= WHAT THE TASK ASKS =
Quote the listing below in full and exactly as written, but omit every picture.

+---+

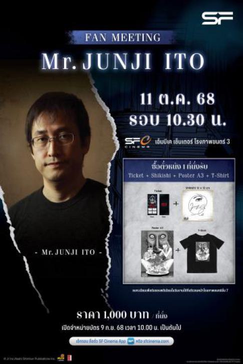 Fan Meet Junji Ito กิจกรรมสุดเอ็กซ์คลูซีฟ เอาใจแฟนๆ เรื่องราวสยองขวัญของ อ. จุนจิ อิโต้ เตรียมสัมผัสประสบการณ์สุดพิเศษกับ อ.จุนจิ อิโต้ นักเขียนการ์ตูนสยองขวัญชั้นแนวหน้าจากญี่ปุ่น เจ้าของผลงานดังระดับโลกอย่าง ก้นหอยมรณะ, โทมิเอะ, โซอิจิ และ ชายหนุ่มที่สี่แยก จะมาเยือนประเทศไทยเพื่อพบปะแฟน ๆ ชาวไทยแบบใกล้ชิด!! พร้อมร่วมพูดคุยและชื่นชมผลงานชวนหลอน ในงาน FAN MEETING “ Mr. Junji Ito ” เพื่อโปรโมทงานนิทรรศการ Junji Ito Collection Horror House 2025 ในวันที่ 11 ตุลาคม 2568 เวลา 10.30 - 11.15 น. จัดเต็ม 45 นาที โอกาสมีเพียงครั้งเดียวเท่านั้น!
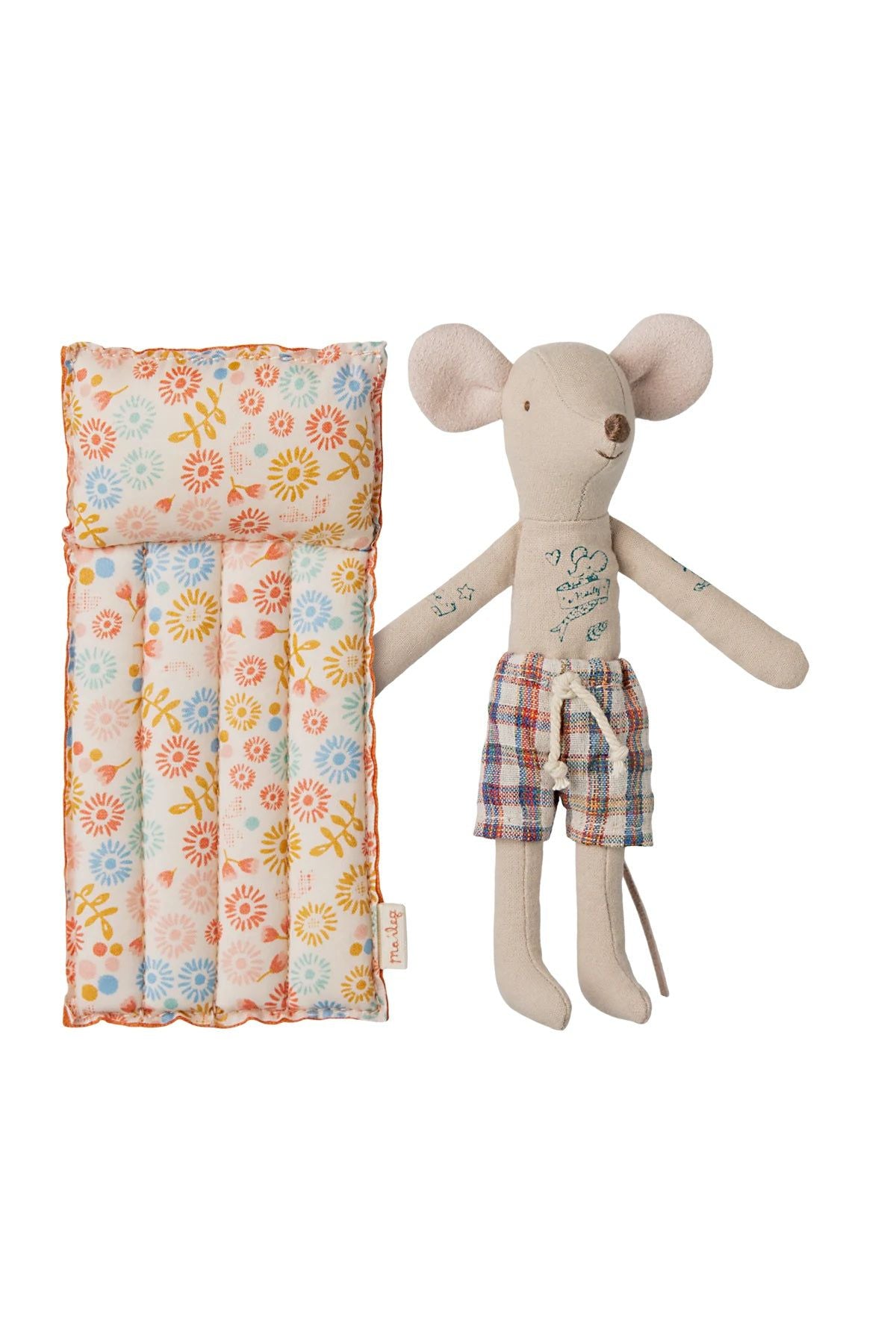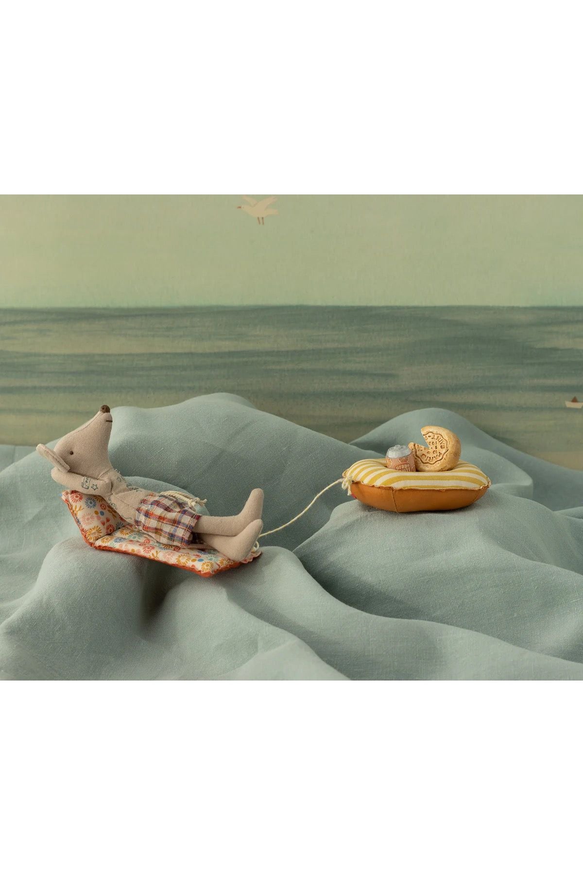 Laat je kleintje wegdromen met deze schattige Maileg strandmuis met luchtbedje, Papa Bloem! Deze vrolijke strandpapa is klaar voor een zonnige dag aan het strand met zijn kleurrijke luchtmatras. Gemaakt van zacht katoen, is hij perfect voor urenlang fantasierijk speelplezier en nodigt hij uit tot de liefste avonturen. Een heerlijk cadeau om de verbeelding van je kind te prikkelen en een glimlach op hun gezicht te toveren.
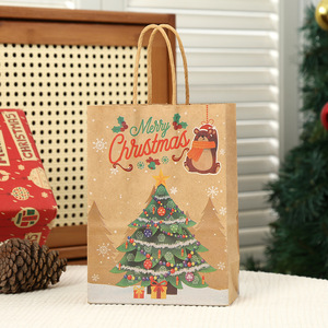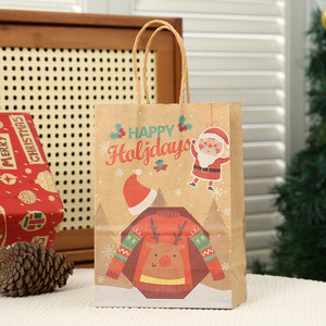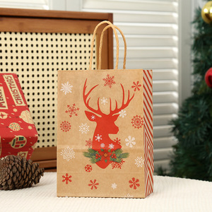 圣诞节印花手提袋派对节日礼物礼品袋服饰包装牛皮纸购物袋批发
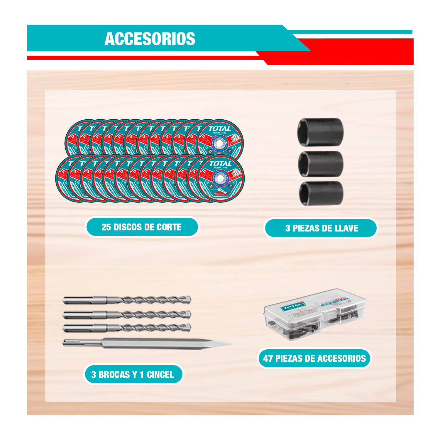 ESTE COMBO COMPLETO INCLUYE; 1 LLAVE DE IMPACTO; 1 TALADRO DE IMPACTO; 1 ROTOMARTILLO; 1 AMOLADORA ANGULAR; 1 LINTERNA DE TRABAJO; 3 DADOS; 3 BROCAS; 1 CINCEL; 25 DISCO DE CORTE; 47 ACCESORIOS;1 PORTAHERRAMIENTA; 2 BATERÍAS 4.0 Ah; 1 CARGADOR.
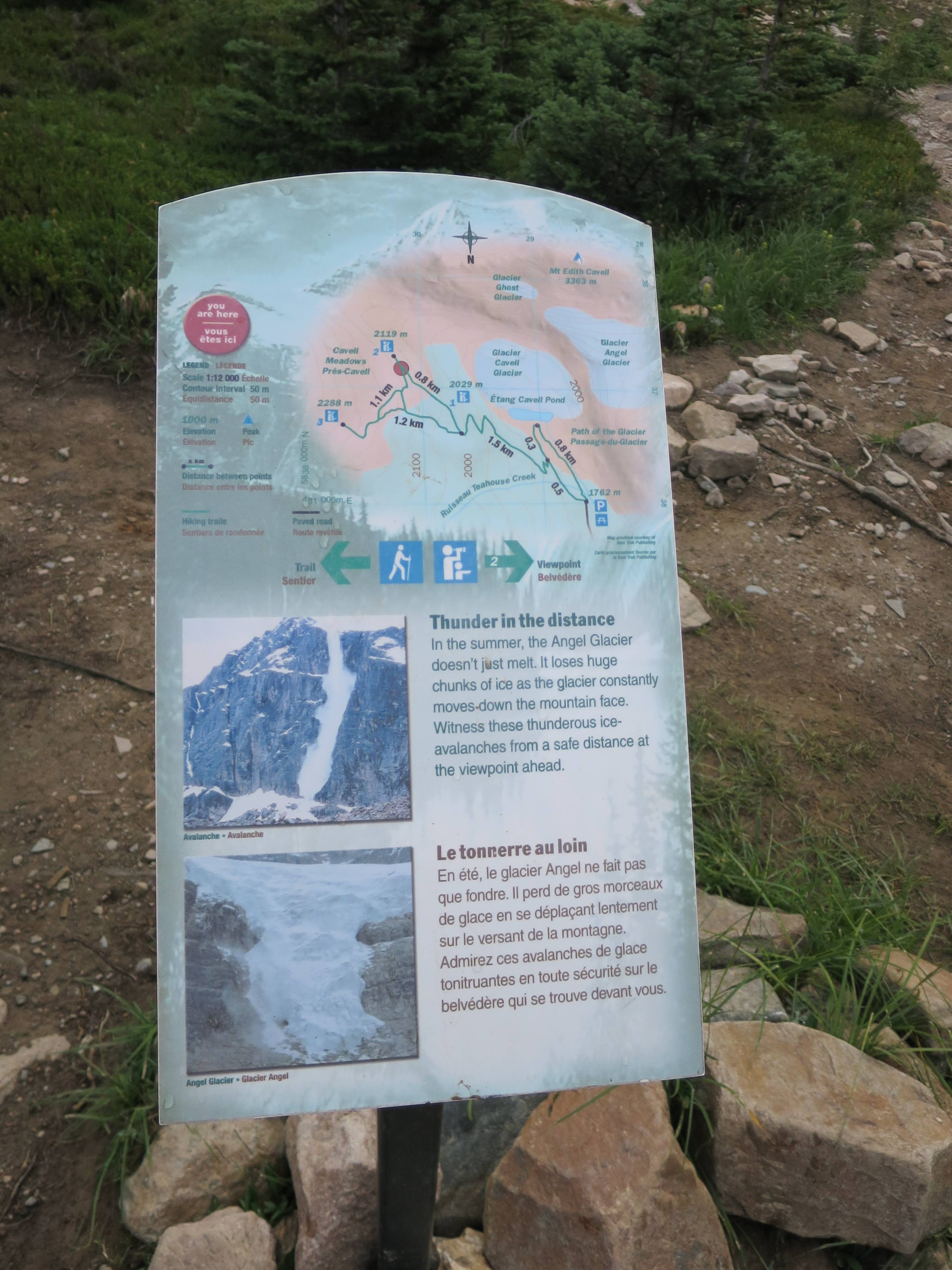 En arrivant sur le site, on a commencé par le sentier du Passage-du-Glacier, long d’un peu moins de 1,5 km, qui permet de se rapprocher du glacier Angel.
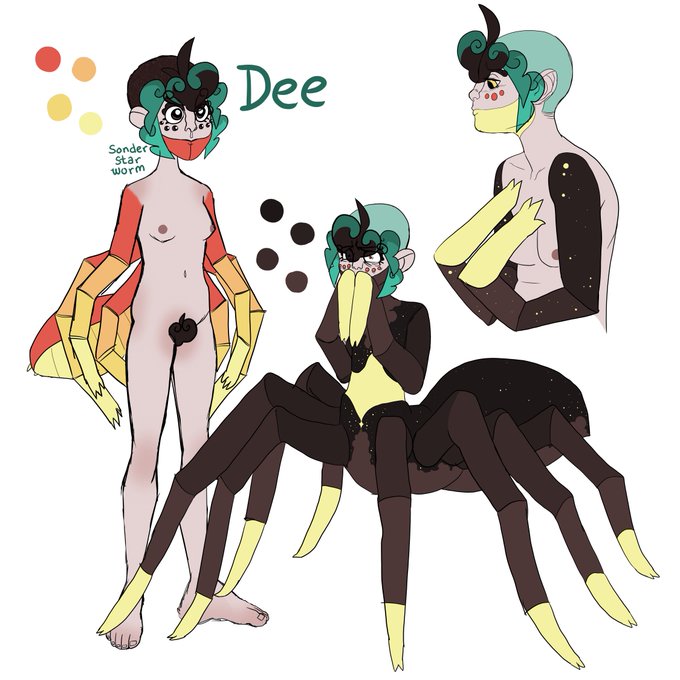 another oc!! "Dee" Jones! (Dee is the nickname she goes by) these are just concepts, nothing's finalized. Basically, she died and was revived by her sis and was accidentally fused with a magic spider thing? #originalcharacter

+---+

= TASK SOLUTION =
 Fan Meet Junji Ito กิจกรรมสุดเอ็กซ์คลูซีฟ เอาใจแฟนๆ เรื่องราวสยองขวัญของ อ. จุนจิ อิโต้ เตรียมสัมผัสประสบการณ์สุดพิเศษกับ อ.จุนจิ อิโต้ นักเขียนการ์ตูนสยองขวัญชั้นแนวหน้าจากญี่ปุ่น เจ้าของผลงานดังระดับโลกอย่าง ก้นหอยมรณะ, โทมิเอะ, โซอิจิ และ ชายหนุ่มที่สี่แยก จะมาเยือนประเทศไทยเพื่อพบปะแฟน ๆ ชาวไทยแบบใกล้ชิด!! พร้อมร่วมพูดคุยและชื่นชมผลงานชวนหลอน ในงาน FAN MEETING “ Mr. Junji Ito ” เพื่อโปรโมทงานนิทรรศการ Junji Ito Collection Horror House 2025 ในวันที่ 11 ตุลาคม 2568 เวลา 10.30 - 11.15 น. จัดเต็ม 45 นาที โอกาสมีเพียงครั้งเดียวเท่านั้น!
 Laat je kleintje wegdromen met deze schattige Maileg strandmuis met luchtbedje, Papa Bloem! Deze vrolijke strandpapa is klaar voor een zonnige dag aan het strand met zijn kleurrijke luchtmatras. Gemaakt van zacht katoen, is hij perfect voor urenlang fantasierijk speelplezier en nodigt hij uit tot de liefste avonturen. Een heerlijk cadeau om de verbeelding van je kind te prikkelen en een glimlach op hun gezicht te toveren.
 圣诞节印花手提袋派对节日礼物礼品袋服饰包装牛皮纸购物袋批发
 ESTE COMBO COMPLETO INCLUYE; 1 LLAVE DE IMPACTO; 1 TALADRO DE IMPACTO; 1 ROTOMARTILLO; 1 AMOLADORA ANGULAR; 1 LINTERNA DE TRABAJO; 3 DADOS; 3 BROCAS; 1 CINCEL; 25 DISCO DE CORTE; 47 ACCESORIOS;1 PORTAHERRAMIENTA; 2 BATERÍAS 4.0 Ah; 1 CARGADOR.
 En arrivant sur le site, on a commencé par le sentier du Passage-du-Glacier, long d’un peu moins de 1,5 km, qui permet de se rapprocher du glacier Angel.
 another oc!! "Dee" Jones! (Dee is the nickname she goes by) these are just concepts, nothing's finalized. Basically, she died and was revived by her sis and was accidentally fused with a magic spider thing? #originalcharacter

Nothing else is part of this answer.